By: Ryan Sterry, University of Wisconsin Extension
Much of the focus for beef cattle reproduction programs is on breeding cows in a timely fashion and narrowing the range of the calving window. There’s no getting around the fact that excessive days open, and open cows at calving season, cause considerable financial losses for cow/calf operations. Narrowing the calving window reduces variation in calf age, thus helping to produce a more uniform calf crop at market time.
However, sometimes things don’t go according to plan, especially when it comes to reproduction. A new twist to this old problem is the low inventory of the national beef cow herd, which in many markets is placing a premium on pregnant cows and heifers. This may bring about the temptation to try one more time on those cows that didn’t conceive during your normal breeding season. Extending the breeding season will have the carry over effect of transitioning a portion of the herd from Spring or Summer calving to a Fall calving season.
If you are considering breeding cows for a fall calving season, an early pregnancy diagnosis strategy is a must. Having a timely pregnancy check in place for the herd will give you the option of quickly re-breeding open cows or culling them. Those cows conceiving to the later breeding could be alternatively marketed as pregnant fall calving cows, or retained in your herd.
A University of Nebraska Extension article by Rick Rasby highlights the considerations of whether or not open cows should be exposed again for breeding or culled. Age of the cow, calving problems, udder and other structural problems, disposition, and inability to care for a calf should be taken in to account. Even if you have the ability to re-breed open cows, consideration should still be given to culling cows with these faults.
A partial budget is highly recommended to help make the decision to extend the breeding and calving season for your particular farm. A partial budget should account for added revenue, added expenses, and any decreases in revenue or expenses from making the change. If you are going to market cows as fall calving, is there enough of a price difference between pregnant fall calving cows and cull cows to justify the added expense? Do your traditional markets look for fall calving cows, or will you have to do research to find an alternative market?
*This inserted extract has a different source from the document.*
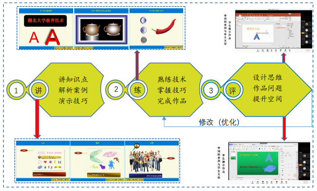 我的这门课属于专业课,课程特点在于理论和实践的结合,要求学生既要掌握基本知识,也要掌握相应的技术技能。所以我采用“讲-练-评”三结合的基本思路开展教学。“讲”就是解析关键知识点,分析典型案例,演示基本技术操作,使得学生对所学知识点和基本技能有所掌握;“练”就是要让学生把掌握的知识点内化,变成自己的技能,练习制作作品,在模拟老师演示作品的基础上实现自己的创新,做出属于自己原创性的作品;“评”就是对学生的作品要有评价过程,要有对比过程,指出学生作品中存在的问题,并提出具体解决办法,指导学生解决问题,优化作品。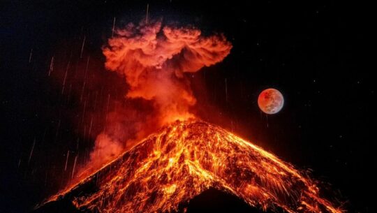 El fotógrafo guatemalteco César Santizo hizo una impresionante fotografía del eclipse total de Luna con el Volcán de Fuego

If you are going to retain cows for fall calving, a partial budget is even more important. Along with the financial implications, it will mean significant management changes such as the time and labor of an added fall calving season, and managing nursing cows and calves through our winter environment. Snow, ice, and mud are Wisconsin winter realities, and you need to be prepared for how you will get mother and calf through them. Managing the nutrition of the fall calving herd is another consideration. Remember, fall calving cows will still be nursing calves through the winter and will require a higher plane of nutrition than our typical winter dry cow rations provide. An honest assessment of your availability of higher quality forages, the cost of necessary purchased feeds, adequate facilities to keep those animals clean and dry, and your ability to more intensively manage nutrition is a must.
There is a potential upside though to look at. Fall born calves can be marketed as feeders in early spring, a time at which feeder calf prices typically rising and there are fewer calves on the market to compete with. Or, if you have adequate availability of pasture, calves can be retained and grazed through the summer and marketed in the fall as yearlings. Depending on your operation, fall calving cows have summer pastures to recuperate on and regain condition. Also, fall calving cows will be bred again before the heat of summer.